The view of North Broad Street facing Temple University Hospital and Center City, which includes several Opportunity Zones. June 25, 2021 Category: FeaturedLongPurpose
Local hospitals are just now preparing their fourth community health needs assessment (CHNA) and implementation strategy, a federally mandated procedure designed to force nonprofit hospitals to make health investments in their service areas or risk a $50,000 per year fine, or worse, loss of their tax-exempt status.

That’s the stick behind this every-three-years process when health care systems are not only required to work with public health professionals and grassroots activists to identify and prioritize community health care needs, but also to develop implementation plans. The resulting CHNAs will be on healthcare facilities’ websites come next July.

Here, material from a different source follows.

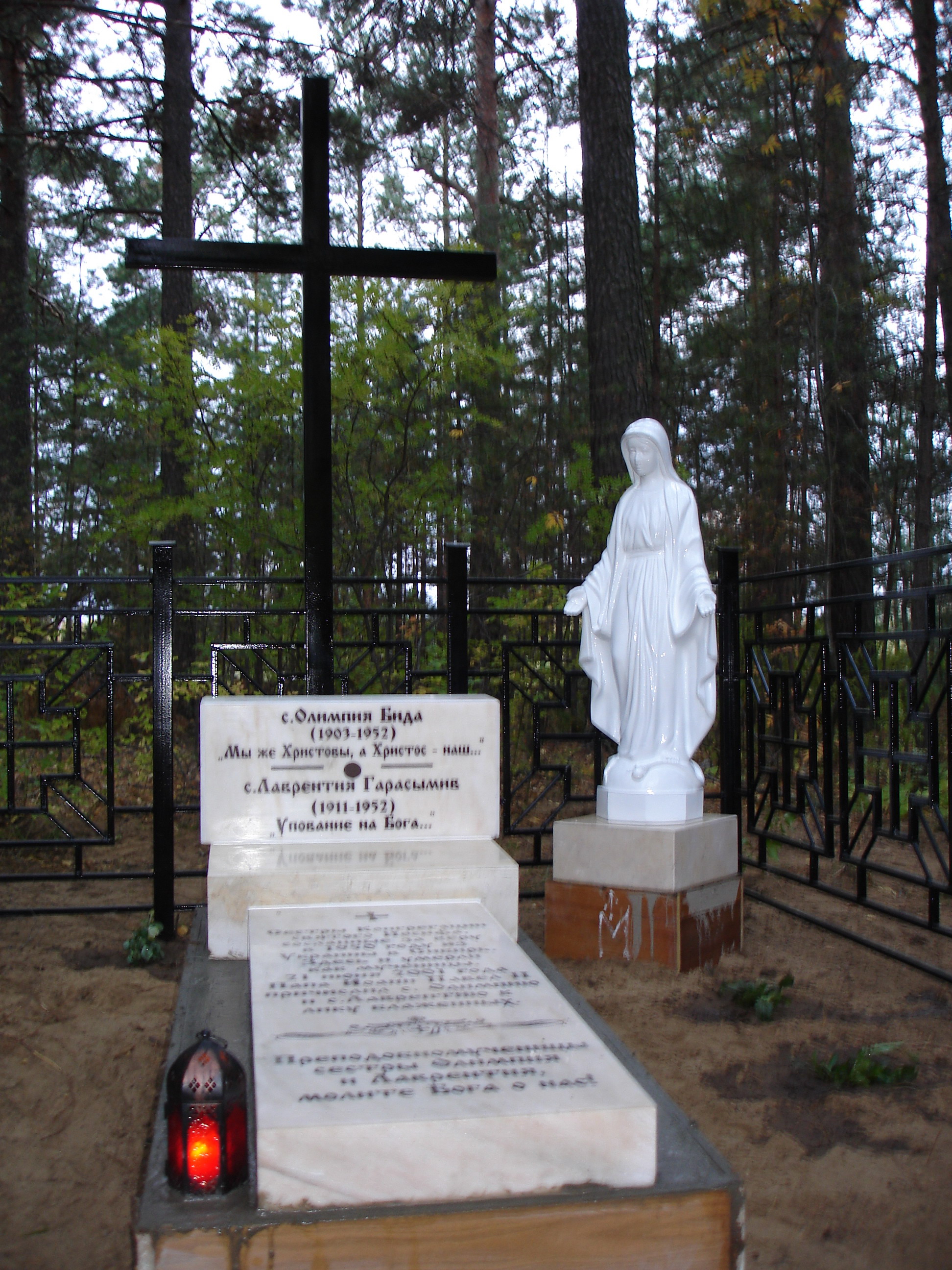 Before their arrest in 1950 Sisters Olympia Bida and Lavrentia Gerasimiv of the Holy Congregation of St Joseph (Graeco-Catholic Church) were secret members of a monastic community in Khyrov, West Ukraine. They were sentenced to perpetual exile, died in Kharsk and were buried in the village graveyard.

Unlike the first rounds of CHNAs published by individual hospitals in 2013 and 2016, there is a growing trend towards hospitals collaboratively working to produce their CHNAs.

“This will be the fourth time doing the needs assessment,” said Health Care Improvement Foundation (HCIF) Senior Director Susan Choi. “The first two cycles, a lot of hospitals did it on their own. The last cycle [2019] is the first time [local hospitals] took a collaborative approach.”

The HCIF will be facilitating the development of the 2022 Philadelphia regional CHNA, a role they played in the development of the 2019 Regional Community Health Needs Assessment. “The Philadelphia healthcare market has a lot of healthcare systems and they serve different communities but there is still overlap and [the communities] have similar needs,” Choi said.

In the 2019 report, the top three of 16 identified priorities were opioid use and substance abuse, behavioral health, and access to affordable preventative and primary healthcare.

Revisiting this needs assessment a year after the pandemic ravaged the city’s health, brought on an economic crisis and a racial reckoning, showed that the most pressing issues uncovered by COVID, were also the issues furthest down on the Regional CHNA’s priorities list.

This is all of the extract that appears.